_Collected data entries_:
*** Block opens ***

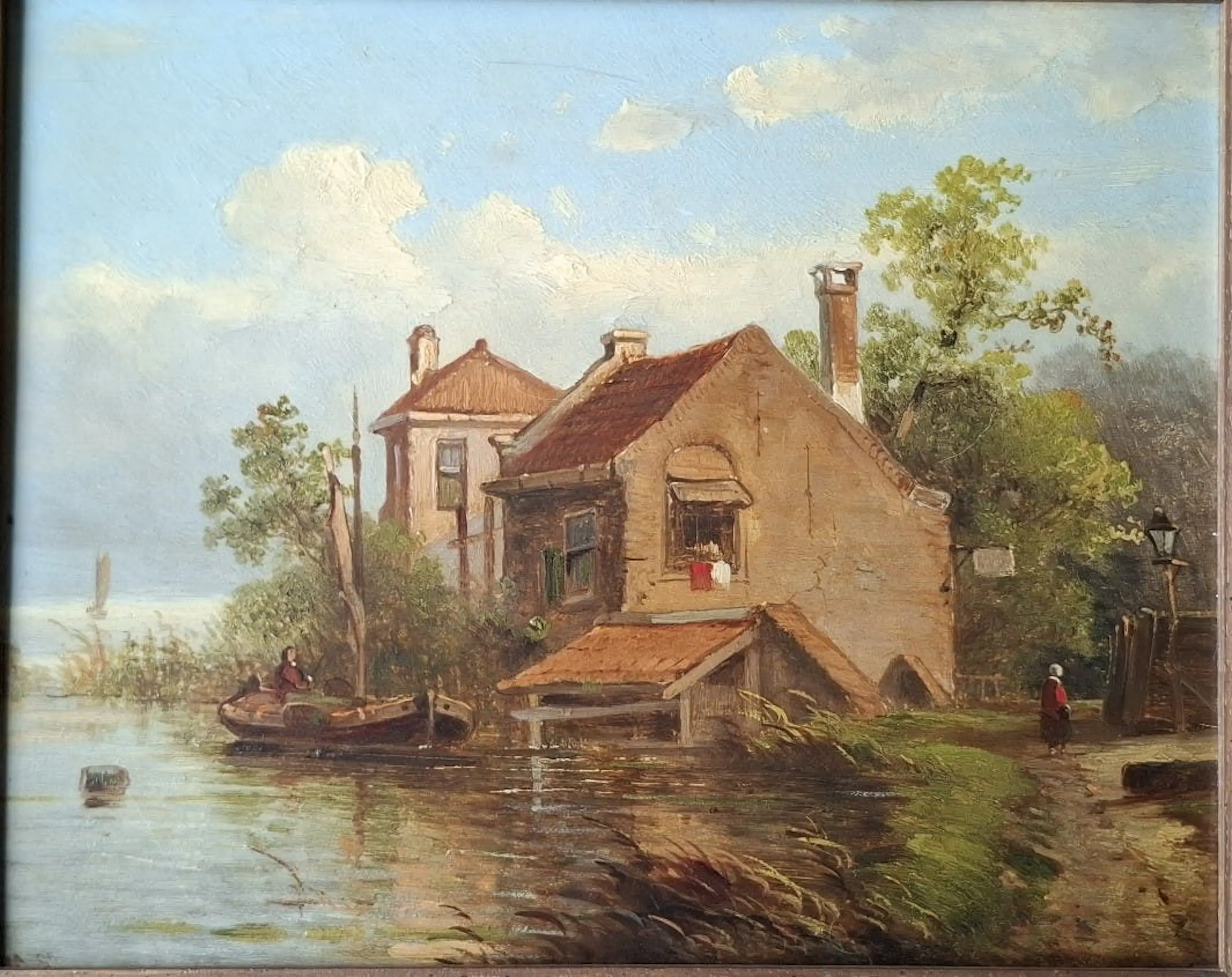 Hollands rivierlandschap op realistische wijze verbeeld door Cornelis Westerbeek (sr). Zijn werk wordt gerekend tot de Haagse School. Het schilderij is linksonder gemonogrammeerd.
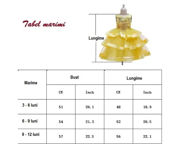 Marime: 3-6, 6-9, 9-12 luni Rochita eleganta, din saten in partea de sus si cu volane din tulle cu margini din saten perlat in partea de jos. Are aplicata danteluta si perlute Se inchide cu fermoar si cordon din satin la spate. Culoare: galben Este ideala pentru botez si pentru evenimentele deosebite din viata micutelor domnisoare. Material: 65% polyester, 35% vascoza Produsul cu denumirea Rochita de ocazie galbena cu volane face parte din brandul Eurobaby, se afla in categoria Tetine si subcategoria
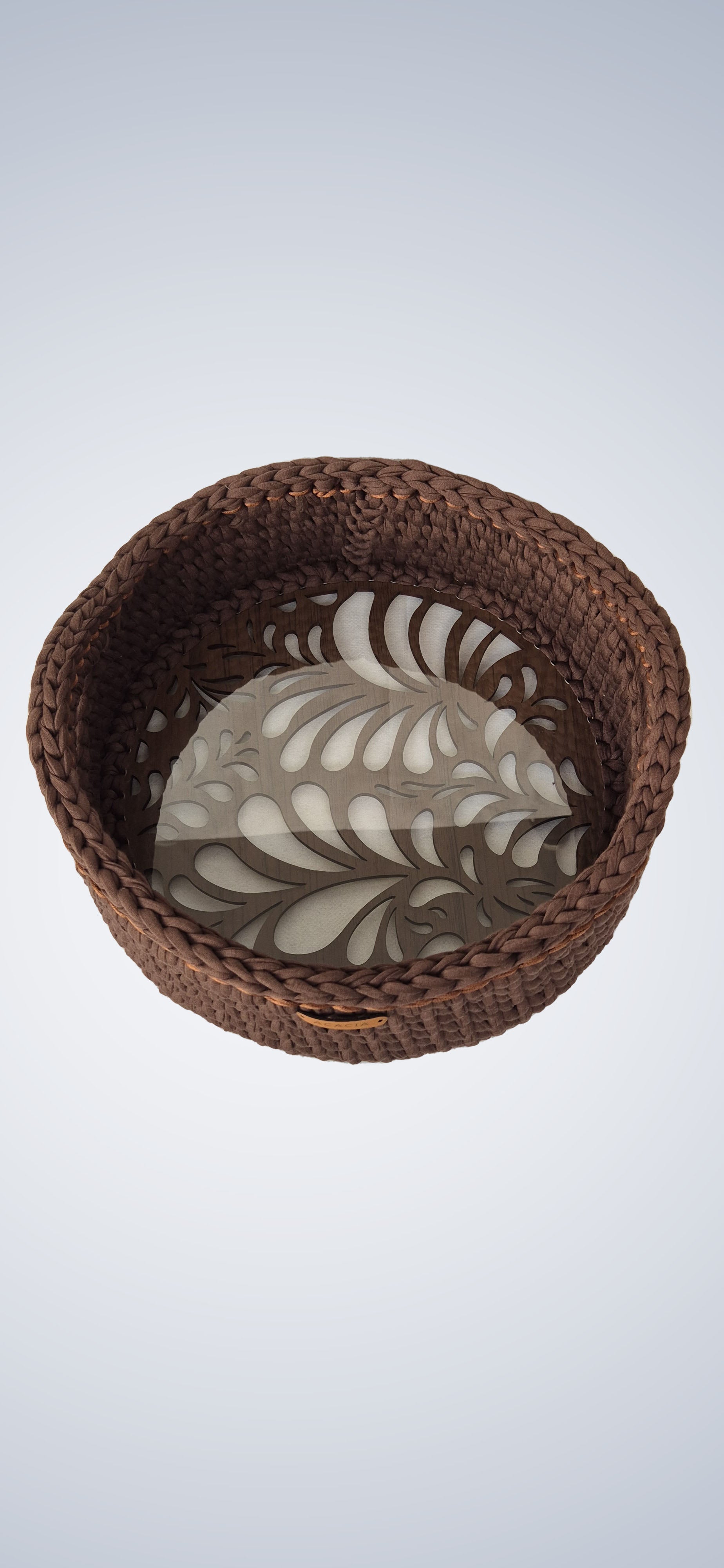 A base em madeira oferece uma estrutura firme e durável, enquanto o fio de malha acrescenta um toque artesanal que torna cada peça única. O design versátil e acolhedor do cesto é perfeito para complementar qualquer decoração, seja em um café da manhã relaxante ou em um jantar mais formal. Combinando beleza e praticidade, este cesto de pão é uma peça indispensável para quem valoriza o trabalho manual e a qualidade.
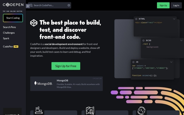 此外,当你在编辑器中修改代码时,CodePen的屏幕上有一个实时预览区域,可以立即显示代码修改后的效果。
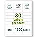 【Label Size】Label size: 1"x2-5/8",Sheet size: 8.5" X 11". 30 Labels per Sheet, Totally 150 Sheets , 4500 Labels.
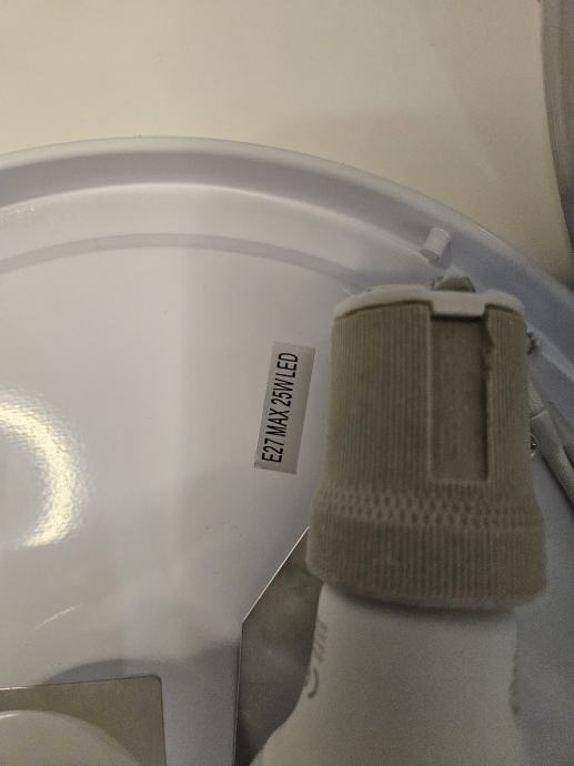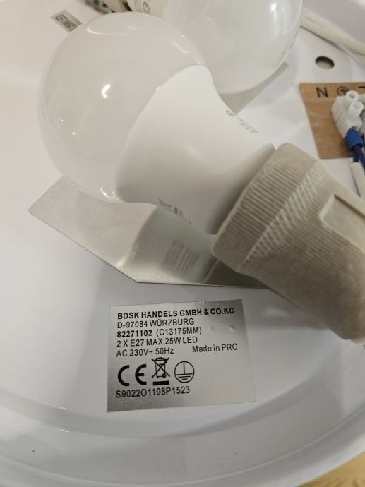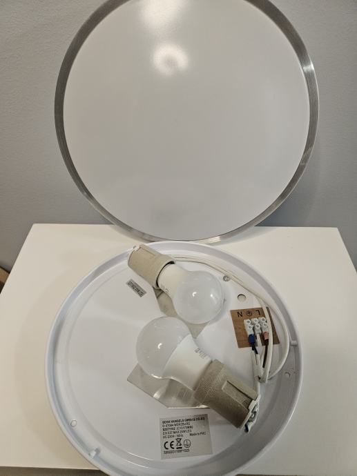 Prodajem stropnu plafonjeru promjera 30 cm s bijelim difuzorom i aluminijskim rubom srebrne boje. Plafonjera ima dva grla E27 s maksimalnom snagom 25W LED svake, napajanje AC 230V / 50Hz. Dolazi s dvije LED žarulje.
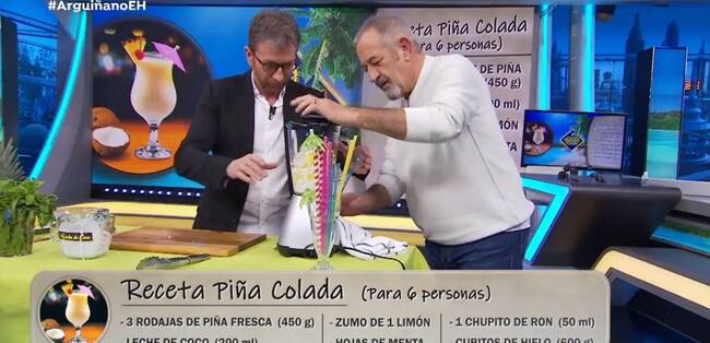 La receta es sencilla pero, cosas del directo, la batidora que el programa había facilitado al cocinero dio algunos problemas... "Trata de arrancarlo...", bromeaban los colaboradores... "Hay que cambiar de marca"... sentenciaba Arguiñano. Hasta Pablo Motos trató de arreglar el electrodoméstico pero no había manera de que los ingredientes de la receta se fusionaran.
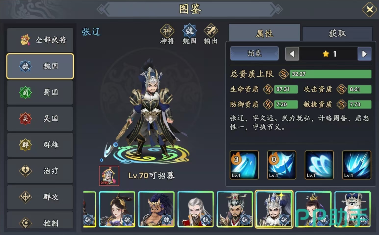 夏侯敦在防御方面绝对不用担心,阵容搭配主要以输出为主。小编选择的是荀彧和郭嘉这两个作为辅助,张辽和曹操作为输出,这样阵容就非常齐全了。曹操的群攻非常犀利,不仅有全体伤害,还有生命值回复效果,通过被动技能可以降低对方敏捷,并且附加更高的伤害。张辽擅长单体输出,在伤害之外,有恢复生命值效果。技能还有额外暴击率,打出暴击之后甚至可以直接秒杀残血目标。
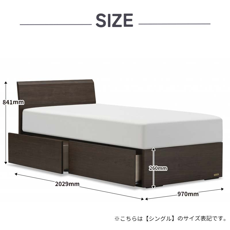 | 容量 | 【ベッドフレーム】ファディアF2(引出付タイプ) シングル 1台 【マットレス】高密度連続スプリングマットレス(ミディアムソフト(TW-200)/ハード(MH-200))シングル 1枚 フレームカラー:ナチュラル(KNA)/グレー(KGY)/ウォールナット(KWN) 保証期間:フレーム 1年/マットレス 2年 フレームサイズ:幅970×長さ2029×高さ841×高さ260mm マットレス:幅970×長さ1950×高さ260mm 【フレーム材質】 主板:化粧紙、床板:スノコ床板 (ベッドフレームの表面は、抗菌仕様で衛生的にも安心してお使いいただけます。) 【マットレス仕様】 スプリング:高密度連続スプリング ダブルニット生地、防ダニ・防菌防臭加工 |

*** Block closes ***

_HOW TO COMPLETE THIS TASK_: Restate exactly, please, only the lines between the start of the data and the line containing "Marime: 3-6, 6-9, 9-12", both ends included, skipping the pictures.

_TASK SOLUTION_:
 Hollands rivierlandschap op realistische wijze verbeeld door Cornelis Westerbeek (sr). Zijn werk wordt gerekend tot de Haagse School. Het schilderij is linksonder gemonogrammeerd.
 Marime: 3-6, 6-9, 9-12 luni Rochita eleganta, din saten in partea de sus si cu volane din tulle cu margini din saten perlat in partea de jos. Are aplicata danteluta si perlute Se inchide cu fermoar si cordon din satin la spate. Culoare: galben Este ideala pentru botez si pentru evenimentele deosebite din viata micutelor domnisoare. Material: 65% polyester, 35% vascoza Produsul cu denumirea Rochita de ocazie galbena cu volane face parte din brandul Eurobaby, se afla in categoria Tetine si subcategoria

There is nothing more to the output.